Он словно бы рассказал ей что-то своей мелодией, чего она не знала раньше, будто принес какую-то неизведанную частичку мира. И сам поверил, что та частица существует, ведь до этого ему казалось, что все эти мелодии жили только в нем, были его химерой.

…Это было мгновение их наибольшей близости, подобного они не пережили больше никогда. Потом снова было село, и улица, и работа, и встречи вечерами на бревнах, И он верил, что то мгновение вернется. Что они найдут его, придут к нему.
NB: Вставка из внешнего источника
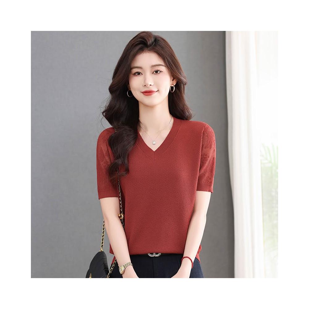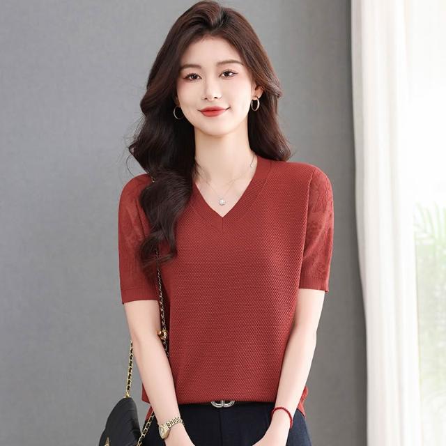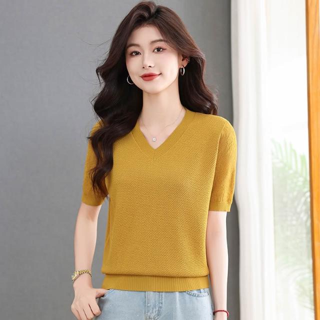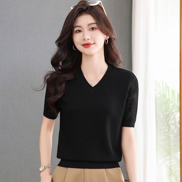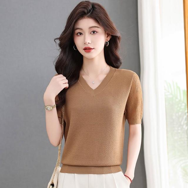 免運 冰絲針織衫短袖t恤女中年媽媽洋氣夏裝2026新款夏季薄遮肚子上衣

Придут непременно.

Эта вера жила в нем в течение всего плена, может, ею был жив и он сам.

Война одним безжалостным ударом как бы пересекла струну, которая жила в Иване, о которой осталось только воспоминание, но он надеялся, что все это вернется вновь.

Маршей и всяких гимнов, что передавались по лагерному радио, он не воспринимал. И вот сейчас едва ли не впервые зазвенели в нем два оборванных конца этой струны. Он снова с грустью подумал: что же владеет миром? Разрывная пуля или нежная мелодия? Что больше будет совершенствоваться? И до какого предела?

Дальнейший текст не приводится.